I focolai di opposizione violenta causano preoccupazione in Bolivia
Focolai di violenza simili a quelli usati per destabilizzare il governo di Evo Morales un anno fa stanno destando preoccupazione in Bolivia, insieme alla confessione di un leader di destra che ha finanziato quel movimento.
Nella città orientale di Santa Cruz, una roccaforte dell’opposizione di destra, i presunti membri della cosiddetta Unione dei giovani Cruceñista, un gruppo regionalista, questa settimana hanno attaccato in pieno giorno i parlamentari del Movimento verso il socialismo (MAS) al potere.
Le vittime hanno denunciato di non poter partecipare a una riunione dei rappresentanti di Santa Cruz alla Camera dei deputati, in un’aggressione simile a quelle commesse durante il colpo di Stato contro l’allora presidente Evo Morales un anno fa.
L’attacco è stato condannato dall’ufficio boliviano dell’Alto Commissariato delle Nazioni Unite per i diritti umani, che ha chiesto un dialogo per risolvere problemi come quello di Montero.
L’attentato è avvenuto nel contesto di un conflitto per l’ufficio del sindaco locale, dove la maggioranza dei consiglieri del MAS ha nominato Teresa Paz in sostituzione di Miguel Hurtado, del gruppo Creemos, il cui leader è l’evangelico di destra Luis Camacho.

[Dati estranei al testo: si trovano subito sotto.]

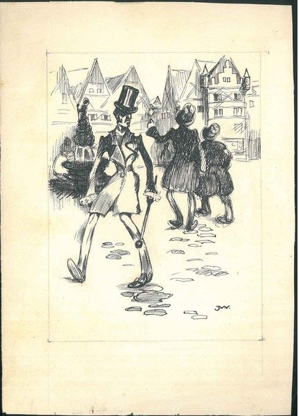<p>21,5x15 cm disegno caricaturale a china su carta forte di passeggio in una via di Praga firmato J.W. Inizio 1900</p>
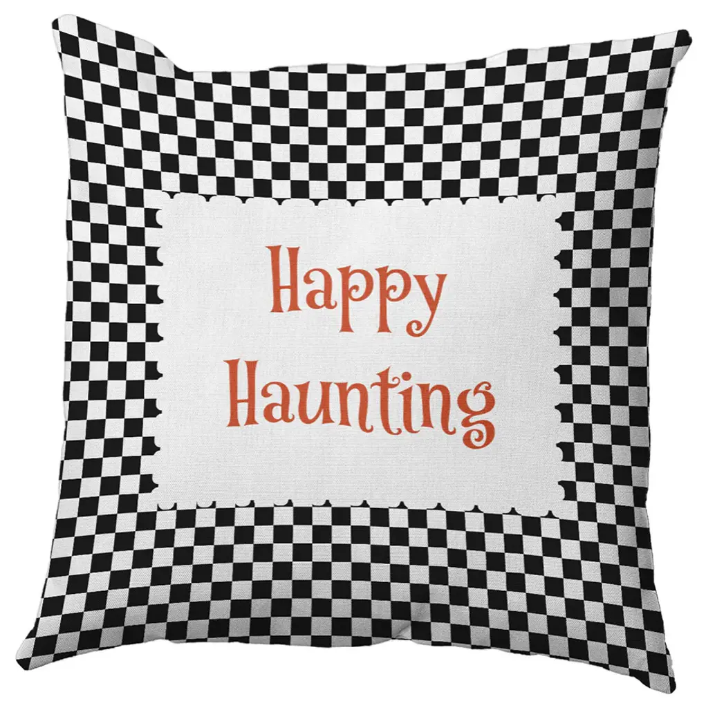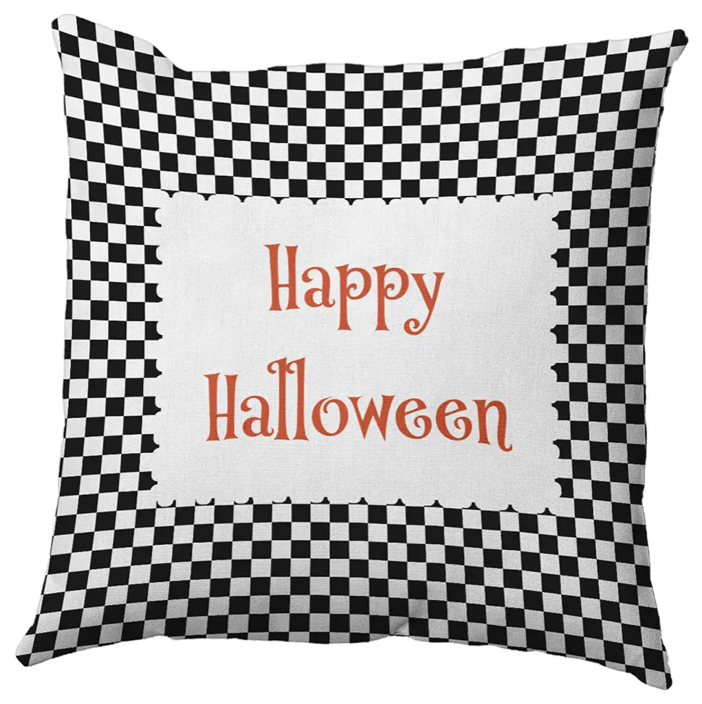 Create a festive and fun atmosphere in your home this Halloween season with our Halloween Happy Halloween Checks Pillow from the Witches Brew Collection. This indoor/outdoor pillow will add fun and style to your porch, deck or patio! This decorative pillow is printed on both sides and crafted with a soft, durable polyester exterior, and filled with down alternative for a crisp look and a comfortable sitting experience. The fabric is resistant to weather, mold, and mildew so you can accentuate your indoor or outdoor decor. It is sewn closed with a knife edge and can be easily spot cleaned or dry cleaned. The quirky designs in this collection are the perfect way to enhance your fall decor and to bring a smile to all who encounter them.
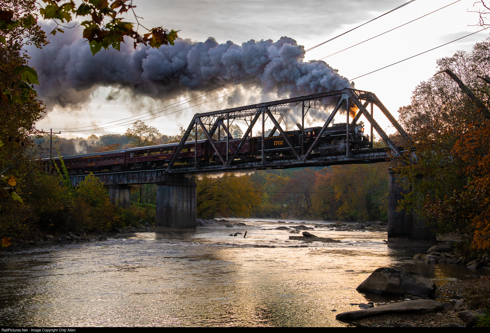 | At daybreak, Great Smoky Mountains Railroad 1702, stunningly looking more like Southern Railway 2716 (and hopefully retaining this look for several years), barks over the Tuckasegee River with a long train of tourists bound for the Nantahala Gorge in tow. |
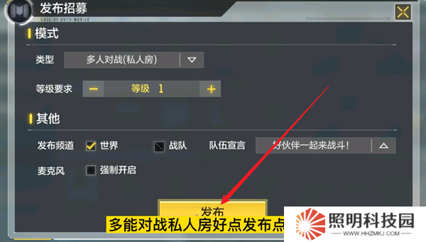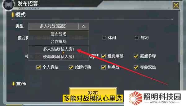 4、就會彈出一個發(fā)布招募的模式選擇界面,這個時候只要在模式類型里面選擇【多人對戰(zhàn)(私人房)】就行。
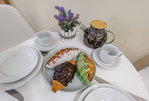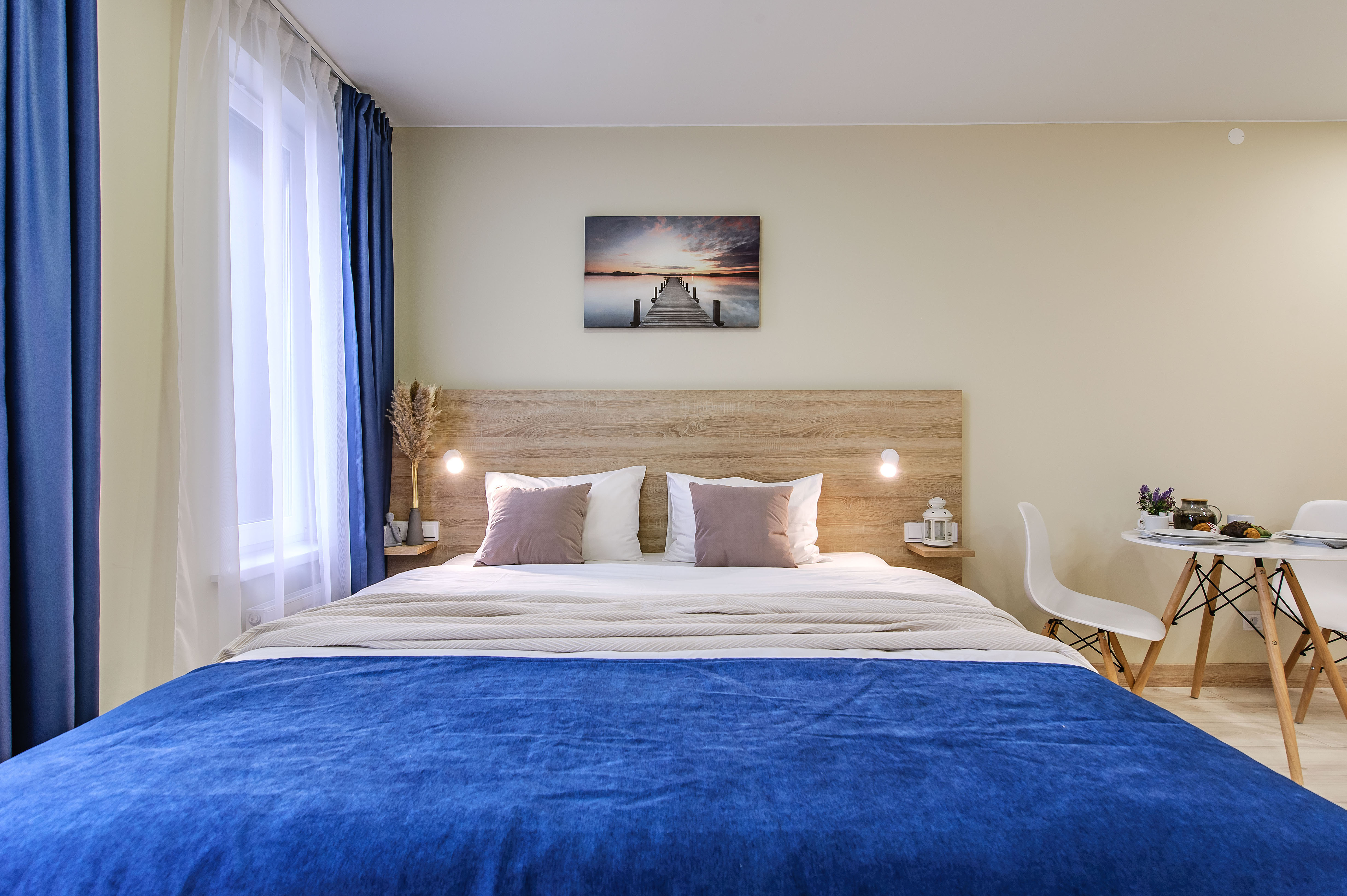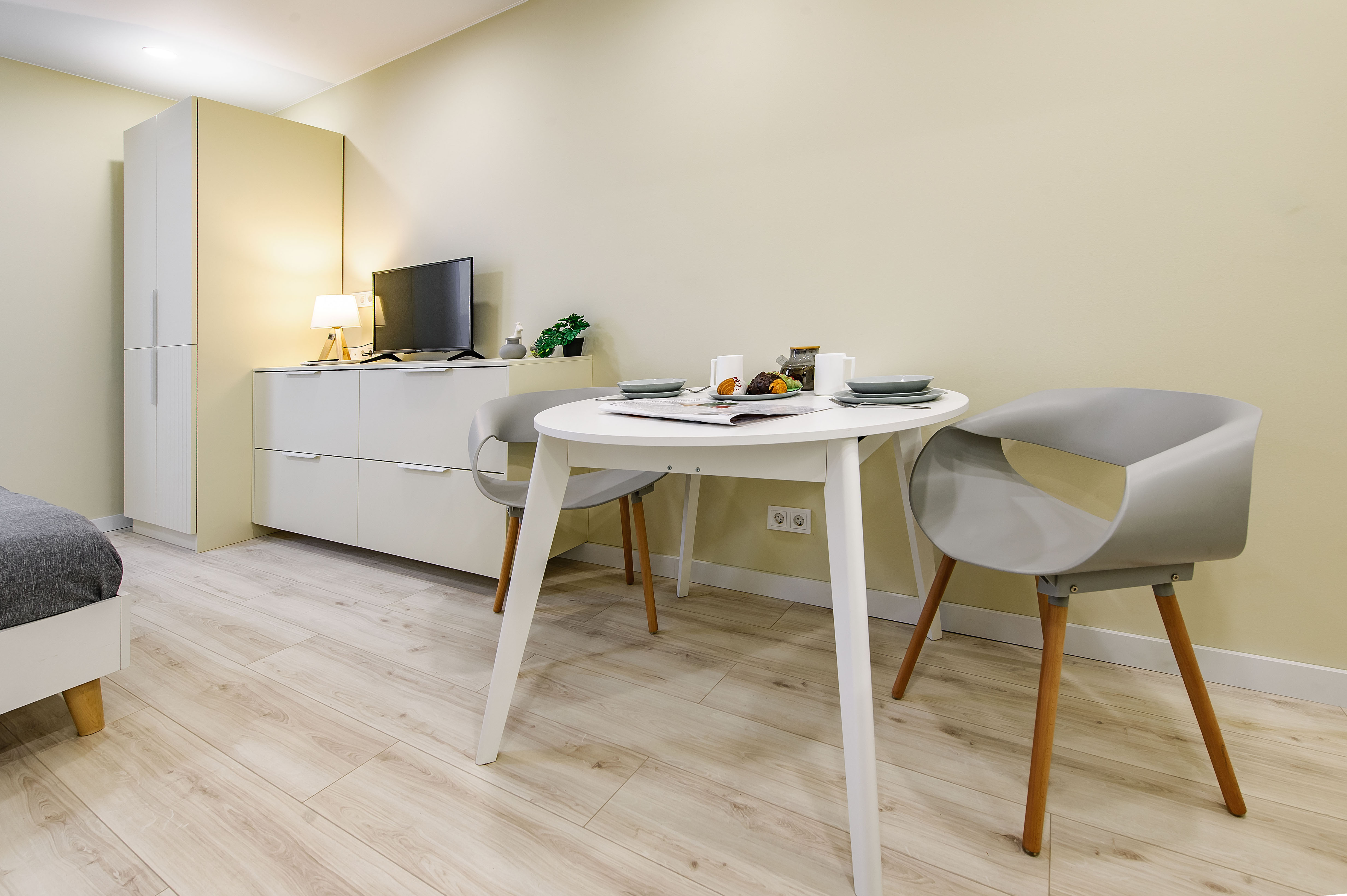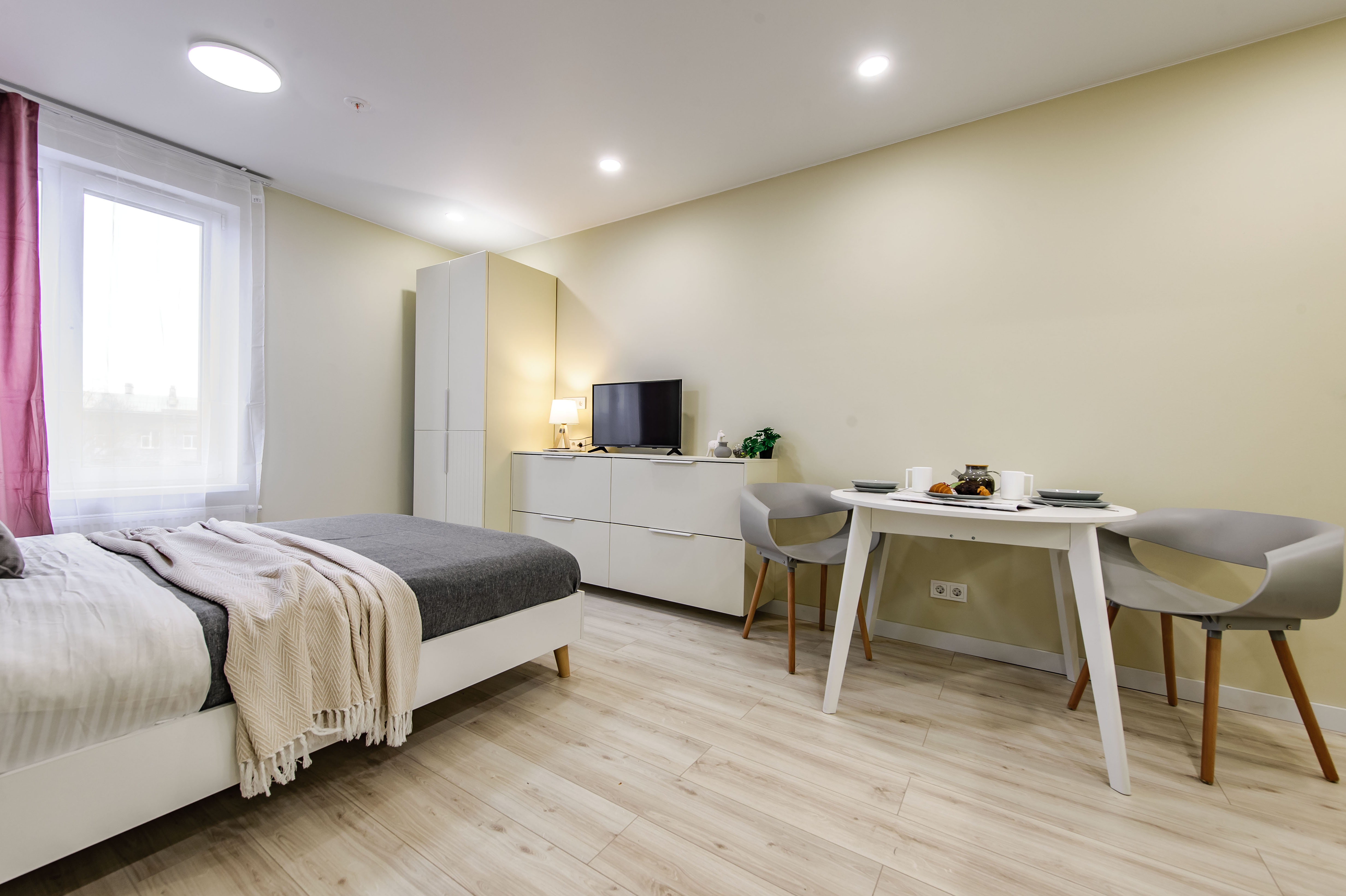 Это 2 студии с дизайнерским ремонтом в теплой цветовой гамме. В номерах установлены большие двуспальные кровати, оборудованы кухонные и обеденные зоны, ванные комнаты оснащены гигиеническими средствами. К услугам проживающих — вся необходимая мебель и техника, включая гладильные принадлежности, стиральную машину и сейф. Работает Wi-Fi.

Camacho ha fatto notizia ammettendo di aver finanziato lo sciopero generale e le proteste a Santa Cruz che sono state la chiave delle dimissioni di Evo Morales e che i settori dell’opposizione si presentano come ribellione dei cittadini.
Dopo l’insediamento del governo di fatto, un anno fa, il personaggio ha dichiarato che il padre milionario – legato alle dittature precedenti – si era “accordato” con i comandanti militari per evitare la repressione della violenza di destra e per fare pressione su Morales affinché si dimettesse, dopo una rivolta della polizia in cui le tangenti erano state mediate.
Il gruppo di Camacho, Creemos, la terza forza parlamentare, ha protestato ieri contro la decisione del legislatore di dichiarare gli “Eroi dello Stato Plurinazionale della Bolivia” uccisi nella repressione della polizia e militare contro le manifestazioni anti-colpo di stato, nel 2019.